Microsonde. - Sono strumenti nei quali un fascio collimato di particelle (fotoni, elettroni o ioni) viene fatto incidere sul campione, e la radiazione caratteristica originata (luce, raggi X, elettroni Auger, ioni, atomi eccitati, ecc.) viene usata per ottenere un'analisi chimica da una piccola frazione di materiale, spazialmente correlato alle zone circostanti. Il tipo di microsonda da usare è dettato dalle informazioni che si vogliono ottenere; le microsonde automatiche eseguono le analisi su punti prestabiliti e forniscono i risultati già elaborati. Il primo strumento dedicato alla microanalisi è stato costruito a Parigi da R. Castaing e A. Guinier, nel 1950.

Il preparato è solitamente osservato con un m. ottico, per cui la risoluzione spaziale è scarsa (dal μm al mm), ma la precisione analitica è alta e, in certi casi, è possibile rivelare e quantificare la composizione isotopica. Per es. un impulso di un intenso fascio laser può far evaporare 1 μm3 di materiale, una parte del quale (vicino all'1/1000) è ionizzato e viene qualitativamente analizzato con uno spettrometro di massa con un limite di rivelabilità per singolo impulso dell'ordine del ppm (una parte per milione) in un tempo di 100 μs.

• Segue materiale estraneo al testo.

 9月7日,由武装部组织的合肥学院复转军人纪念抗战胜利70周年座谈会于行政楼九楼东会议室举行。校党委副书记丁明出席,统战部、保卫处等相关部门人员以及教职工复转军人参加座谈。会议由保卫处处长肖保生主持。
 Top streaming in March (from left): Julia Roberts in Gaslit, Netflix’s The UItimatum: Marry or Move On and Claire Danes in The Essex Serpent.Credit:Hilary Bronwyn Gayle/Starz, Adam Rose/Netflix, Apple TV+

Microscopio elettronico a scansione (SEM: Scanning Electron Microscope). − Questo tipo di m. trae origine dall'interesse a osservare superfici con una risoluzione migliore di quella dei m. ottici; il capostipite degli strumenti odierni è stato realizzato a Cambridge (GB) da D. McMullan e C. W. Oatley nel 1952. L'immagine è formata sequenzialmente per punti, a differenza della formazione simultanea con fascio stazionario tipica delle microscopie ottiche ed elettroniche tradizionali.

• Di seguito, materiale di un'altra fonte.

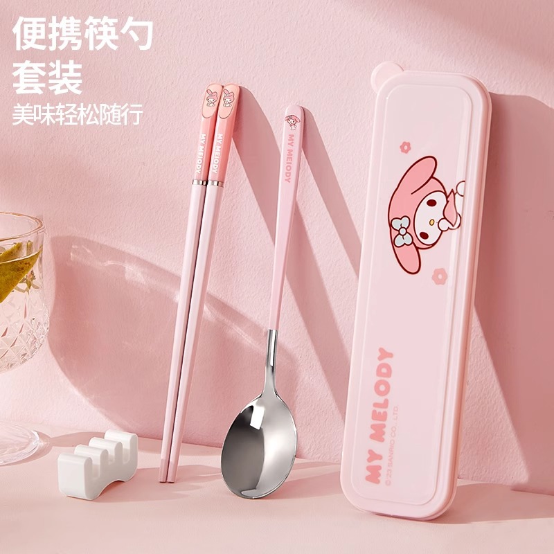 サンリオ ポータブル箸とスプーンセット メロディー シナモンドッグ ハローキティ かわいい漫画 学生 オフィスワーカー 食器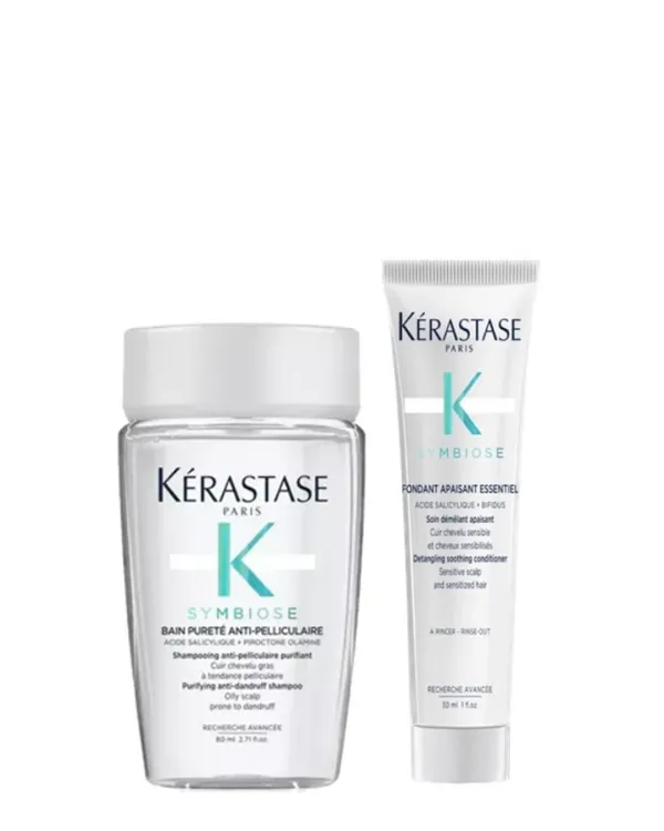 El champú Bain Pureté Anti-Pelliculaire de la gama Symbiose de Kérastase es un champú anticaspa purificador y calmante para cueros cabelludos grasos y sensibles propensos a la caspa. El champú exfolia la caspa y las escamas visibles del cuero cabelludo al instante. Limpia en profundidad los poros del cuero cabelludo obstruidos por las células muertas y la acumulación de sebo, aliviándolo y reduciendo el picor. Se respeta la fibra y se elimina la caspa.

Un fascio di elettroni viene focheggiato mediante alcune lenti condensatrici (fig. 10) su di una piccola area del preparato p e fatto scorrere su di esso secondo linee parallele ravvicinate, come avviene per il pennello elettronico di un tubo televisivo. L'impatto del fascio col preparato dà luogo, fra l'altro, all'uscita di elettroni di varia energia dalla superficie investita. Vengono chiamati elettroni secondari quelli che fuoriescono con energia 〈50 eV (la definizione è arbitraria ma giustificata dalla presenza di un picco nella distribuzione energetica al disotto dei 50 eV). Questi elettroni provengono da una profondità di circa 5 nm per i metalli e di circa 50 nm per gli isolanti. Gli elettroni secondari vengono attirati da un predisposto campo elettrico verso un rivelatore a scintillazione e il segnale da questo prodotto viene inviato a una griglia che modula l'intensità di un tubo a raggi catodici (tubo televisivo). Se il moto di scansione del fascio (primario) sul campione viene reso sincrono (mediante l'uso di un unico generatore di scansione) col moto del pennello di elettroni del visualizzatore, si produce su questo un'immagine ove le zone più luminose corrispondono alle regioni del preparato emettenti un maggior numero di elettroni secondari. L'ingrandimento è dato, come in un pantografo meccanico, semplicemente dal rapporto fra la larghezza della video immagine sullo schermo e la lunghezza del corrispondente tratto percorso dal fascio primario sul preparato.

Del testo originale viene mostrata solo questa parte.